Finding CollectionID

ymahmoud · April 11, 2024, 5:38pm

Hello FCC community,

I am trying to figure out what is the collection of references for each object means since for example Jets and MET have six references while others like muons have just one reference. It is written in the EDM4HEP explanation here FCCAnalyses/examples/basics at basicexamples · HEP-FCC/FCCAnalyses · GitHub
that I should know that from the collectionID and find what collection it points to from this list Electron (1), Muon (2), AllMuon (3), EFlowNeutralHadron (4), Particle (5), Photon (6), ReconstructedParticles (7), EFlowPhoton (8), MCRecoAssociations (9), MissingET (10), ParticleIDs (11), Jet (12), EFlowTrack (13), EFlowTrack_1 (14)

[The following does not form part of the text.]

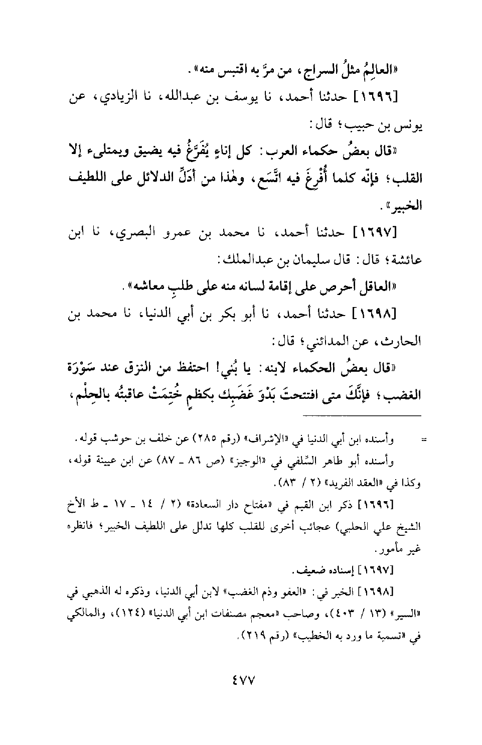 1697 - حَدَّثَنَا أَحْمَدُ، نَا مُحَمَّدُ بْنُ عَمْرٍو الْبَصْرِيُّ، نَا ابْنُ عَائِشَةَ؛ قَالَ: قَالَ سُلَيْمَانُ بْنُ عَبْدِ الْمَلِكِ. الْعَاقِلُ أَحْرَصُ عَلَى إِقَامَةِ لِسَانِهِ مِنْهُ عَلَى طَلَبِ مَعَاشِهِ

It says that for example collectionID for muon#0 is number 7 so it belongs to the reconstructed particle collection. But When I opened one of the files, I found the muon#0 collectionID to be 15 which is not present the list.

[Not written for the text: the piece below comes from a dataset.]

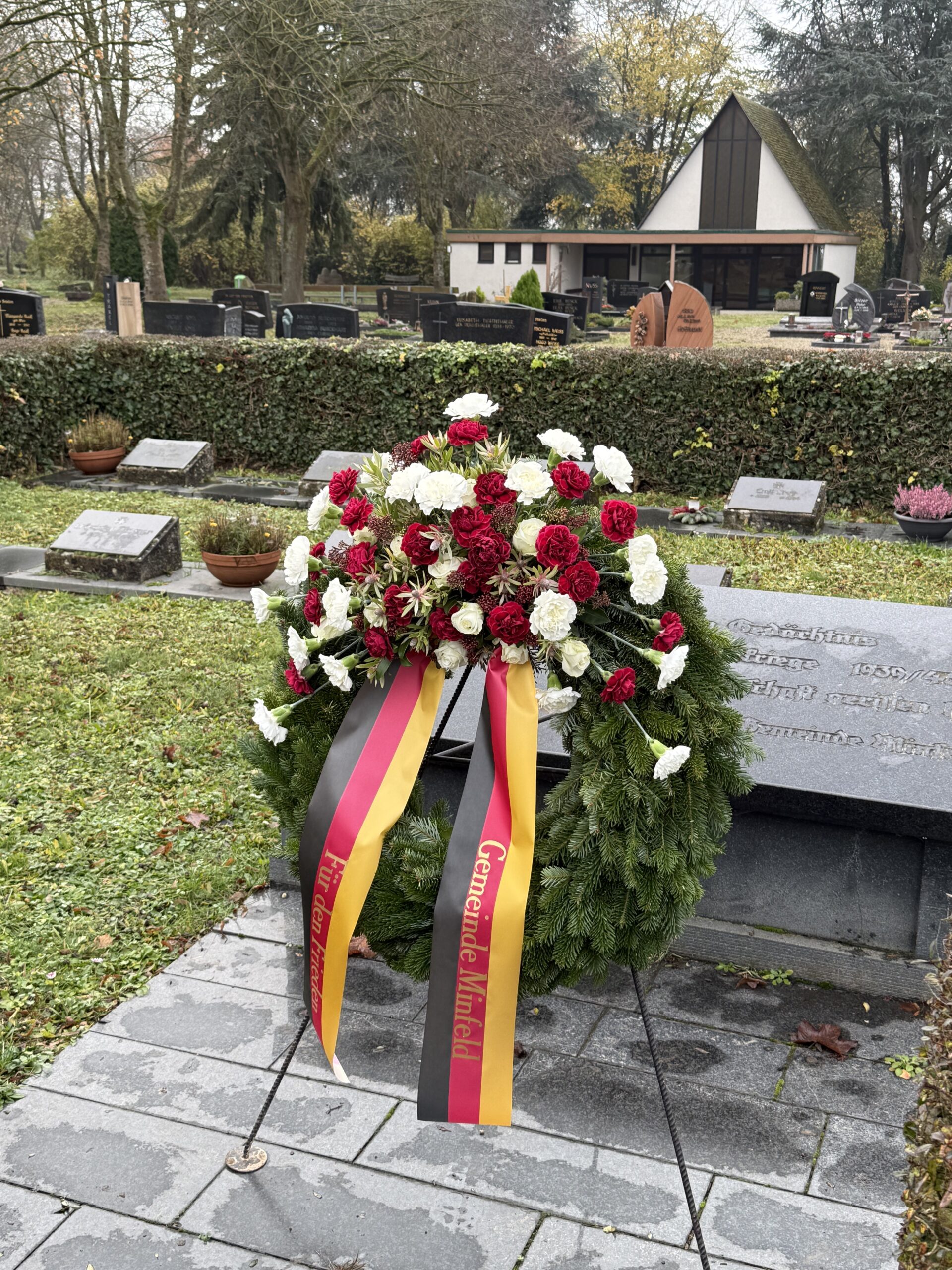Gemeinsam mit Pastoralreferentin Annika Bär und dem Ortsbürgermeister Martin Volz wurde am Sonntag den toten der beiden Weltkriegen auf dem Friedhof in Minfeld gedacht. Zu Ehren dieser wurde ein Kranz am Soldatenfriedhof aufgestellt. Vielen Dank dem Männer- und Frauenchor, der die musikalische Umrahmung übernahm.

Does anyone know how to this works?

jsmiesko · April 12, 2024, 7:32am

Hi @ymahmoud,

there are two types of collections here. One is regular collection of type edm4hep::ReconstructedParticleCollection (this is “Jets”, “MissingET” and “ReconstructedParticles” collections) and the other type is a subset collection which also appears as edm4hep::ReconstructedParticleCollection. In this case “Muon” collection is subset collection of “ReconstructedParticles” collection.

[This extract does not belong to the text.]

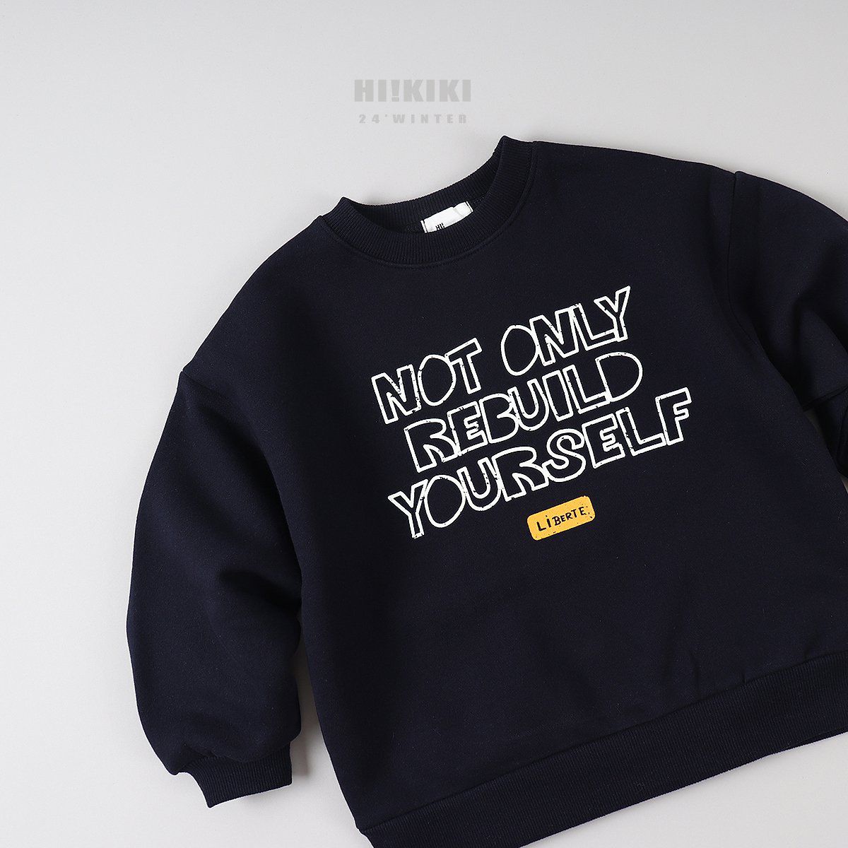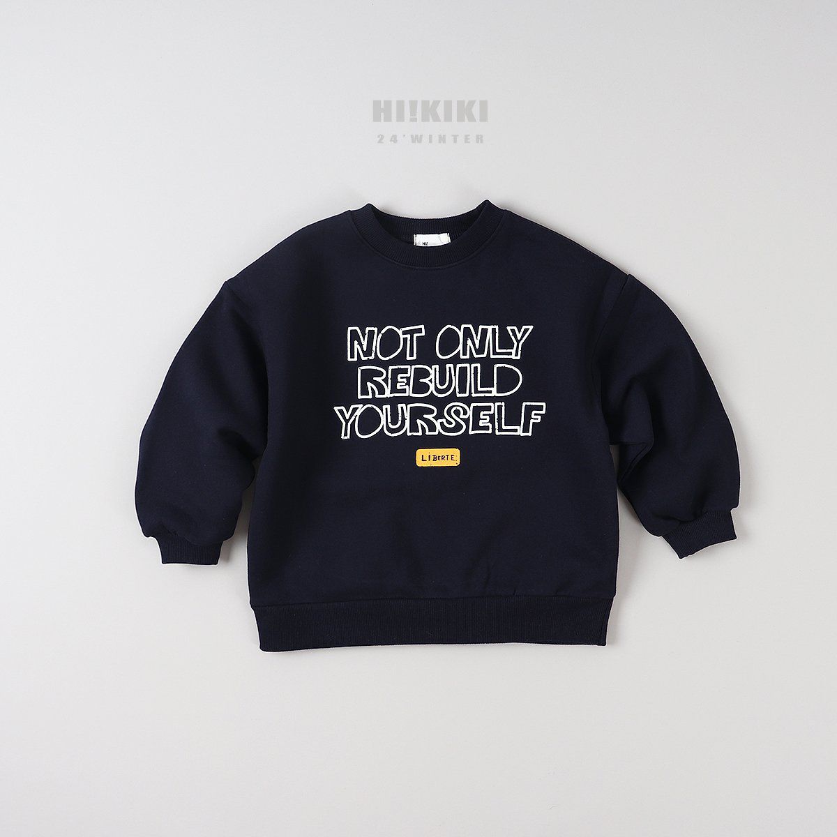 韓國 HIKIKI - (內磨毛)文字長袖大學T-海軍藍

The subset collection needs to refer only to the original collection, so there is only one reference.
The ordinary edm4hep::ReconstructedParticleCollection can refer to other types of collections (six in total). You can find the list of those collections here under “OneToOneRelations” and “OneToManyRelations”

Be aware, that there are few file level differences between spring2021, winter2023 and current productions as EDM4hep/Podio is evolving.

Best,
Juraj

ymahmoud · April 12, 2024, 1:20pm

Thank you @jsmiesko. I have read the yaml file but it doesn’t contain information on the jet collection. Are jet information stored in Reconstructed particles collection too?

Best
yehia

jsmiesko · April 12, 2024, 2:21pm

Hi @ymahmoud,

The “Jet” object collection is of type edm4hep::ReconstructedParticleCollection and it is separate collection from “ReconstructedParticles”. It is not subset collection.

Best,
Juraj

ymahmoud · April 13, 2024, 12:35pm

Thank you @jsmiesko and sorry for asking too many questions since I am new to FCC.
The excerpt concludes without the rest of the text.